New Review: Tribeca 2018 Movie: The Feeling of Being Watched

Speak English. If you must speak Arabic in public, never do so with a raised voice. Dress American. Act American. Stay together in groups, seem as non-threatening as possible. If you see the strange suited men in their bulky black cars, ignore them, but tell us. If you wake in the night and see them fiddling with the telephone wires by the house, just go back to sleep. And whatever you do, don’t ever, ever use the word “bomb.” Consider it a swear word. Our safety depends on it.

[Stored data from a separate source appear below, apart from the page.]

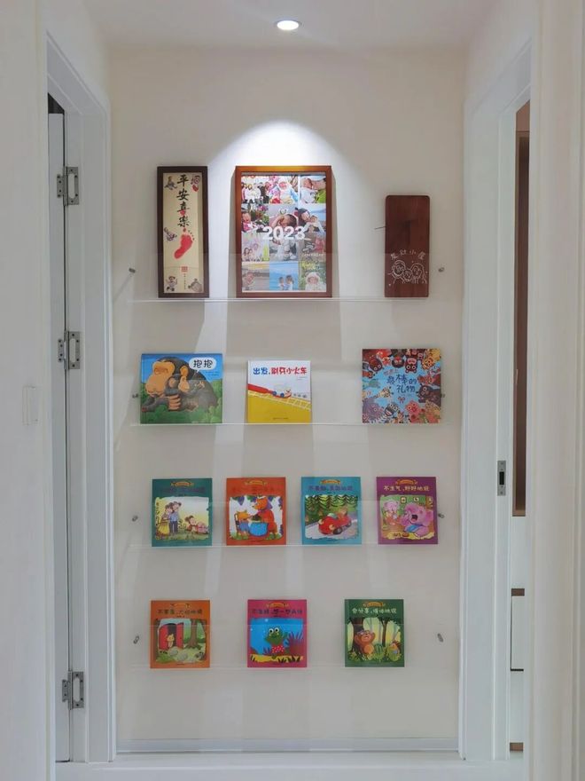 解决方法:可以直接在过道尽头安装几个亚克力绘本架,照片、杂志、绘本、相框,想放什么就放什么,既美观,又不占空间。
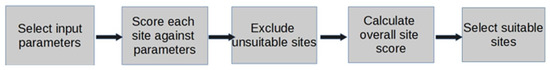 The decision-making process regarding the suitability and location of sites for variable renewable energy sources (solar PV and wind) utilizes geospatial parameters, mainly involving GIS models in dynamic analysis (i.e., to capture, analyze, store, manage, and manipulate spatial or geographical data) [70,71,72,73]. To aid in formulating a ranking and geospatial data interpretation methodology, such GIS modeling is usually paired with multi-criteria decision-making (MCDM) [73]. Moreover, in the late 1990s, literature in the development of VRES models started gaining traction [74,75]. Global interest in the optimal siting of solar PV and wind in the recent past has arisen, due to the quest of attaining carbon neutrality, leading to the development of generic models based on the process shown in Figure 2. Firstly, the input parameter selection, ranging from social-economical, technical, and environmental factors, is completed [76]. For example, ideal wind site considerations typically include the proximity to the existing electrical network (i.e., for easy grid connection), proximity to a good road network, positioning further away from protected zones (i.e., national parks or heritage land), or further away from settlements to prevent noise and flicker, good resource potential (i.e., average wind speeds and capacity factor above sea level), and being further away from the flight path to prevent interference with radar equipment near airports. Unsuitable sites are then excluded from further analysis by scoring against the model input parameters (i.e., sites with low resource potential).
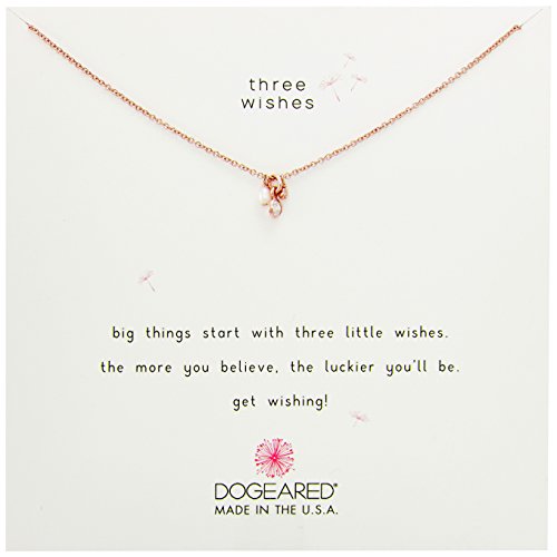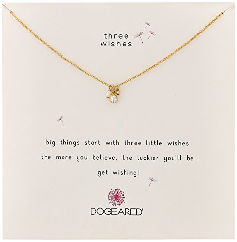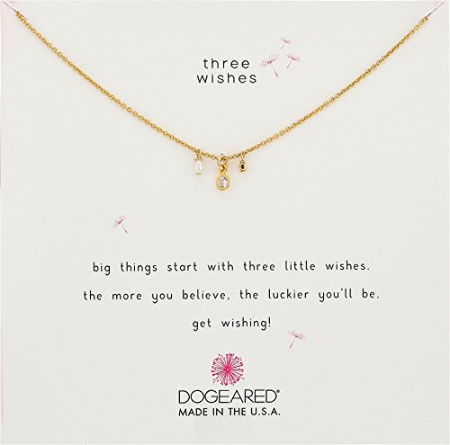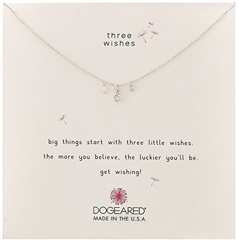 Big things start with three little wishes. Choose from sterling silver or gold-dipped sterling silver. Delicate necklace features three dangling charms. Spring ring closure. Handcrafted in California. Each Dogeared Jewels necklace and bracelet is packaged in a sweet and sturdy gift box. Measurements: Chain Circumference: 16 in Adjuster Length: 2 1⁄2 in Pendant Height: 3⁄10 in Pendant Width: 1⁄7 in Weight: 0.1 ozFeature

Such were the lessons drilled into journalist Assia Boundaou by her mother when she was growing up in Bridgeview, Illinois, a small community a few miles outside Chicago that’s home to some 200 Muslim families. If not for the local mosque and smattering of hijabi, the town would be indistinguishable from the general sprawl of American middle class suburbia. And yet this small town was home to a sinister FBI investigation that harassed and intimated innocent citizens for decades. Convinced that the people of Bridgeview were harboring Islamic terrorists and funneling donations through charitable organizations to Hamas, the FBI began Operation Vulgar Betrayal (OVB). Within a few years they had collected over 30,000 documents worth of surveillance on this Muslim community, including Assia, her friends, her family, and her neighbors. And did they get for it? No terrorist convictions. No ties to Islamic terrorism.

And yet the harassment continued. Even after the founder of the program, FBI agent Robert Wright, was suspended over racial and sexual discrimination, OVB churned on, particularly in the wake of the 9/11 attacks. Walking the streets of her childhood home, Boundaou can’t find anyone who wasn’t petrified of the government, of being spied upon, of being watched. She finds families torn apart by the paranoia, lives wrecked, and a community gripped in the throes of generational neurosis. And so sets the stage for Boundaou’s The Feeling of Being Watched, a documentary that charts her journey to discover the existence, extent, and damage of OVB to her community, to her family, and even to herself as a young Muslim woman in a country that views her as a terrorist. True to her roots as a journalism student at NYU, the film is more a piece of investigative reporting than some detached vérité exercise; it’s equal parts historical exposé, legal procedural, and personal confessional. Of these three, it works best as a procedural—we witness Boundaou’s herculean struggle with the Kafkaesque Justice Department to gain access to the files collected by the FBI, as is her right under the Freedom of Information Act. (As Boundaou explains, “One of the weirdest things about our country is that the government can violate our rights, but we have the right to know when they do it.”) The last act even shows her organize a grass roots movement to inform the people of Bridgeview about their rights and to encourage them to sign privacy wavers demanding their own OVB documents from the DOJ. Frank Capra would be proud.

And yet something doesn’t fully come together in The Feeling of Being Watched. That’s admittedly a terrible thing to say about such an earnest, heart-felt film seeking justice for a persecuted minority. But I think Boundaou’s ambitions outstripped her filmmaking prowess, but only by a little. The first third magnificently captures the feeling of nervous menace felt by the people of Bridgeview, yet all that gravity dissipates as soon as she starts sending information requests to the DOJ. A third act surprise confrontation by none other than Robert Wright is presented like a shattering, the-black-helicopters-are-coming twist. And it should be! The man who organized OVG showed up at Boundaou’s mom’s front door and asked about her daughter! He even inquired about the documentary! But the whole scene feels strangely detached. The magnitude of OVB and its implications for America as an embryonic Orwellian police state are staggering. And this documentary is indeed an excellent primer for these subjects. But it lacks the cohesive sense of urgency needed to make a true impact. I wait to see what Boundaou does next. I suspect few will see it coming.